M. Arezki M. nous a révélé qu' « en 2009, il sera procédé à la livraison d'un livret professionnel », dont le but est de faciliter l'accès à ce métier en plus d'un allègement conséquent des démarches administratives. Mais qu'en est-il de l'activité proprement dite ? Tous sont unanimes à se plaindre de la piètre qualité du matériel qu'ils sont obligés d'acheter, au demeurant, en sus des pièces de rechange, au prix fort. M. A.Tirouche, élu RCD à l'APW, contacté par nos soins, lui évoquant le sujet, se félicite des efforts fournis par la commission dont il est membre envers cette tranche d'artisans.
Il nous a appris que « c'est la raison qui a poussé l'actuelle APW, via la commission Pêche, environnement et agriculture, de voter récemment une aide de 300 millions de centimes en faveur de la filière pour l'acquisition d'un matériel adéquat ». Mais de la bouche des pêcheurs, les services de la DAL y seraient pour quelque chose dans les lenteurs rencontrées pour la concrétisation définitive de ladite aide.
L'absence de mécaniciens qualifiés dans ce domaine contraint tout le monde alors à la débrouille ! Les prévisions météorologiques tiennent une place prépondérante dans cette profession. Ils savent, en professionnels qu'ils sont, que la mer ne pardonne aucun amateurisme. « Aller au large sans consulter la météo c'est courir à sa perte ! », nous rétorquent-ils. Toutes les saisons sont prolifiques. Pour eux, la mer est généreuse ! La demande est particulièrement plus forte en été, on s'en doute de par le nombre d'estivants et vacanciers qui aiment bien déguster qui, un mérou, qui un pagre (accompagné d'un bon verre de rosé pour les amateurs de nos crus). Le reste de l'année, les pêcheurs « écoulent » leur marchandise aux restaurateurs locaux. Ceux de Zegzou occupent une place de choix, vu l'aspect pittoresque qu'offre ce lieu. Les pêcheurs arrivent à perpétuer ainsi donc ce métier, mais beaucoup ne comprennent pas l'attitude de la CNAS qui leur impose le même barème de cotisations que les propriétaires de chalutiers.
Ils nous ont fait savoir que plusieurs marins seraient endettés envers cet organisme qui leur refuse tout échéancier. Pourtant, preuve à l'appui, la loi 08/08 du 23/02/2008 publié au N°11 du Journal Officiel est claire. Celle-ci stipule, notamment dans son article 87, l'accord d'un échéancier de payement de 3 ans aux marins endettés, sans majoration. Avant de quitter nos pêcheurs, ils n'ont pas omis de dénoncer les atteintes perpétuelles à la côte.

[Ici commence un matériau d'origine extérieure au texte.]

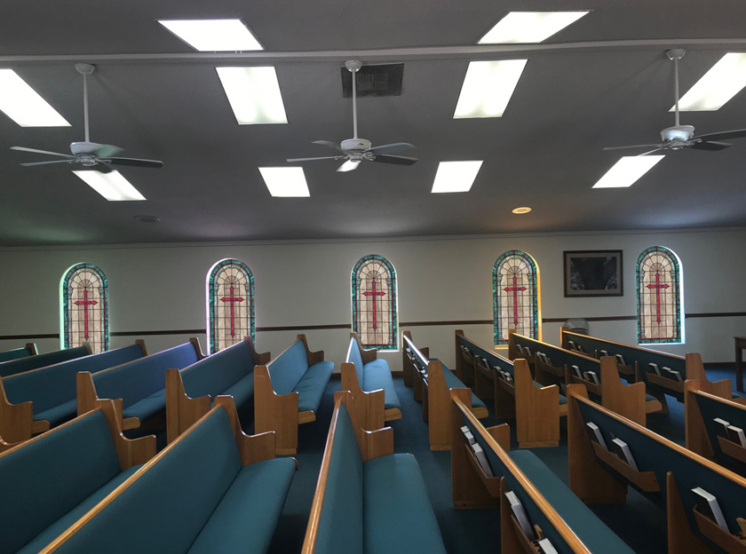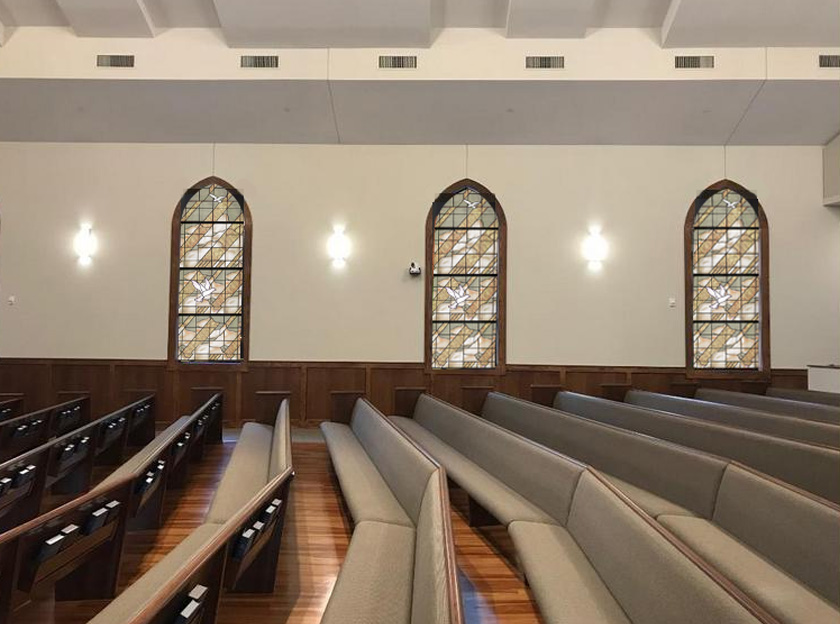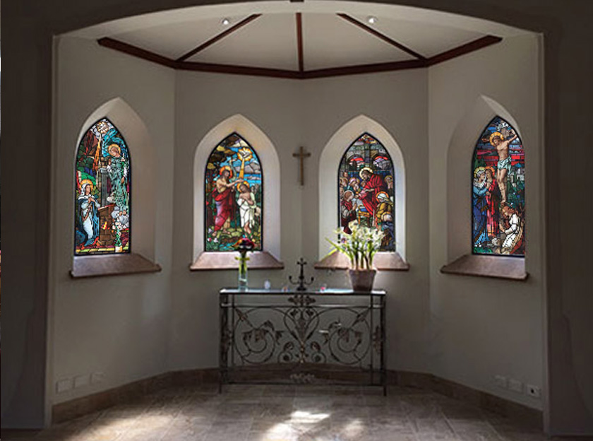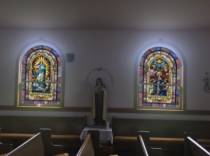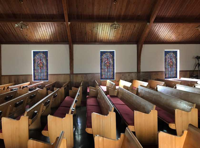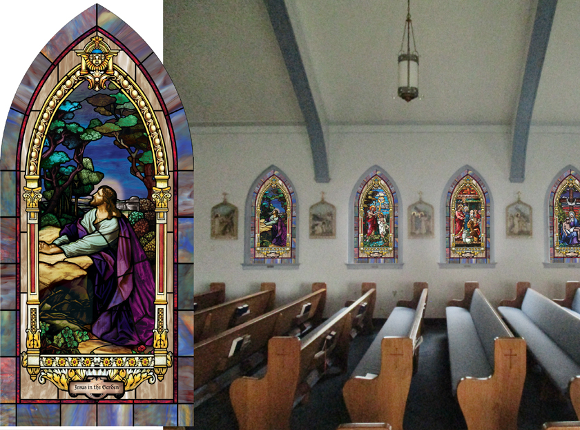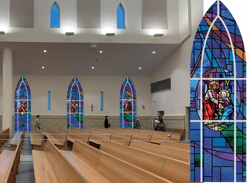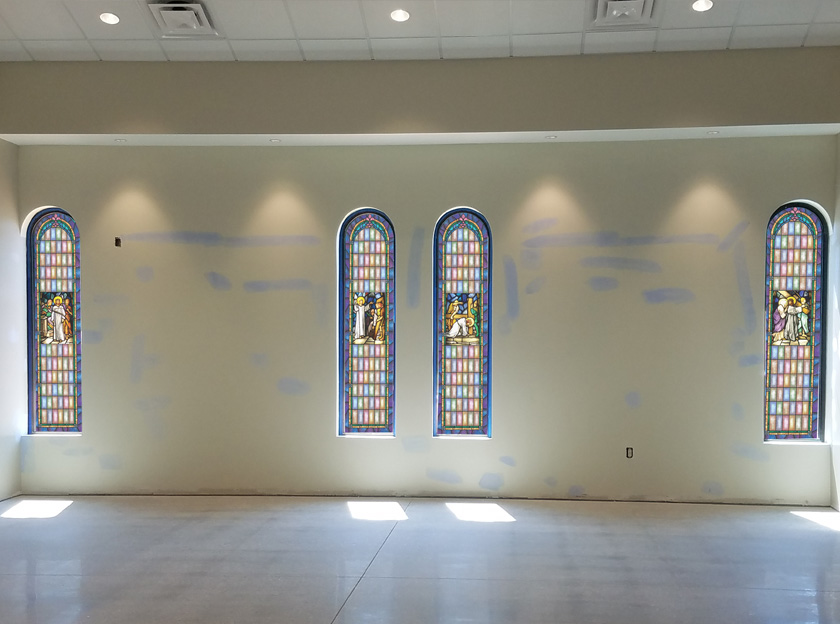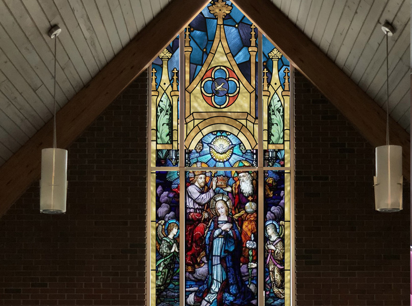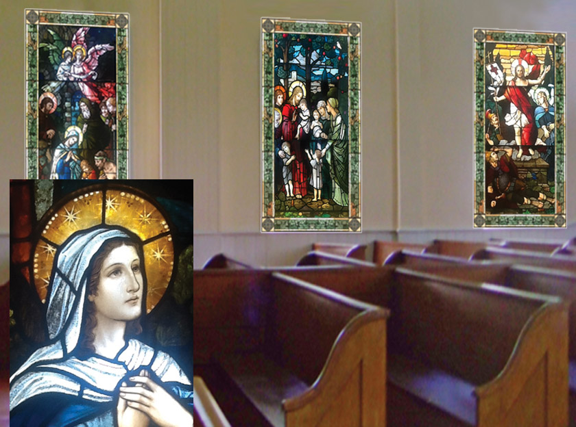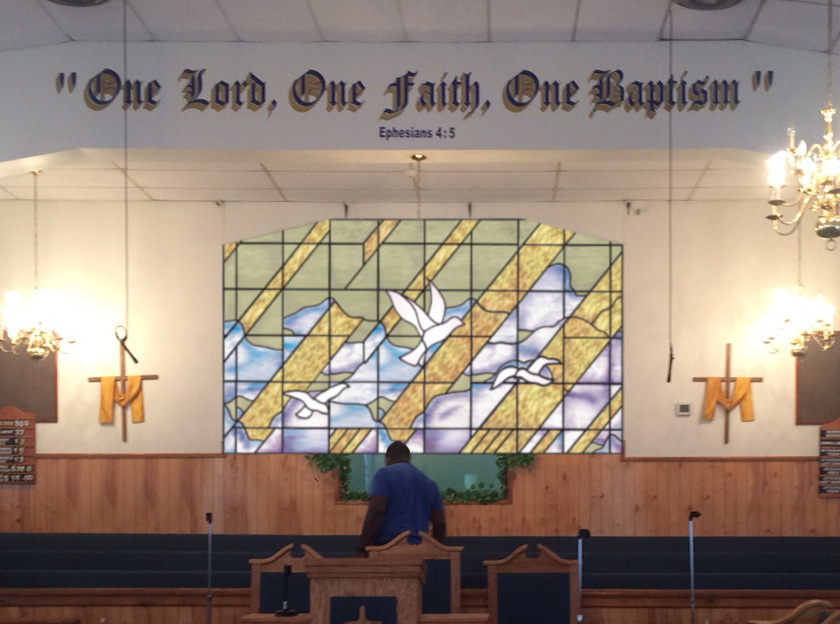 Our Church Window Film® designs transform spaces from small to large, arched or squared, double hung or solid, in any type of church or building. View our gallery photos below, highlighting various ways in which our films can be used, use these pictures for inspiration. All our designs can be transformed and configured into your size and shape window, CALL US at 800-291-3739 with any questions. Click HERE to view our NEW PINTEREST Page!!!

L'exemple de la pollution effrénée du cap Tadles ne doit pas occulter les autres, toutes aussi dévastatrices.
Le non-traitement des eaux usées déversées dans la mer a des répercussions irrémédiables pour la faune et flore marines. « C'est sérieux ! », se plaignent-ils. Ils affirment que plusieurs espèces ont soit quitté nos rivages, soit ont disparu complètement. N'oublions pas les stations de lavage qui ajoutent leur lot de destruction. Dans les filets on y « collecte » des sachets noirs, des pots de yaourt ! C'est dire l'ampleur du fait accompli. Même les chalutiers ne respectent pas les limites autorisées. Conséquence : des zones de reproduction sont « rayées » pour de bon des côtes ! Mais à qui profite « ces crimes » contre la mer ? L'avenir saura répondre.